Ayacucho and anticucho

From Andahuaylas the road continues uncertain between steep climb up to the 5000 meters of the plateau and steep descents to lick the Amazon rain forest, along the valley of Chanka and the tributaries of the Rio Apurimac. Finally we arrive to Ayacucho, abandoned pearl between indigenous culture, religiosity and syncretism, sendero luminoso.

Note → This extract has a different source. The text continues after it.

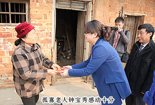 最后,慰問(wèn)小組來(lái)到的是兩位孤寡老人家,他們分別是69歲的鐘寶秀和70多歲的老黨員黃軍輝。鐘寶秀老人,本是四口之家,奈何因家族性精神病史,丈夫與兩個(gè)兒子先后離世,讓她從此孤苦無(wú)依。黃軍輝老人則是一位老共產(chǎn)黨員,曾經(jīng)還是荷花片婦女主任,如今年年被評(píng)為村里的先進(jìn)分子。老人精神很好,向慰問(wèn)組組員們一一道謝,還直言道:“你們又送錢(qián)又送東西,卻茶都不喝一口,這叫我怎么好意思!”

Ayacucho, the city of many Peruvian friends, also on their way to some fascinating and exotic places. Ayacucho, the city of the best anticuchos or offal of bovine and grilled potatoes and best picarrones or pancakes with a special sauce.

Ayacucho

Andahuaylas, Apurimac

The journey by minibus (colectivo) climbs with exaggerated steepness starting from 2300 meters above sea level of Abancay to get well over 4000 meters and finally descend again. The route runs through the district of Apurimac, one of the most isolated and wild in Peru. We reach Andahuaylas late at night. The long journey is enlivened by music and the human contact that is created in the minibus filled up to bursting with people, things and animals. A baby named Annibal and his young mother sit next to me.

The scenery is lovely, and alfalfa fields of maize give way to small villages of adobe houses, a few caws, where humans have wisely sweetened the fertile but steep sides of the mountains. The people are very welcoming and nice.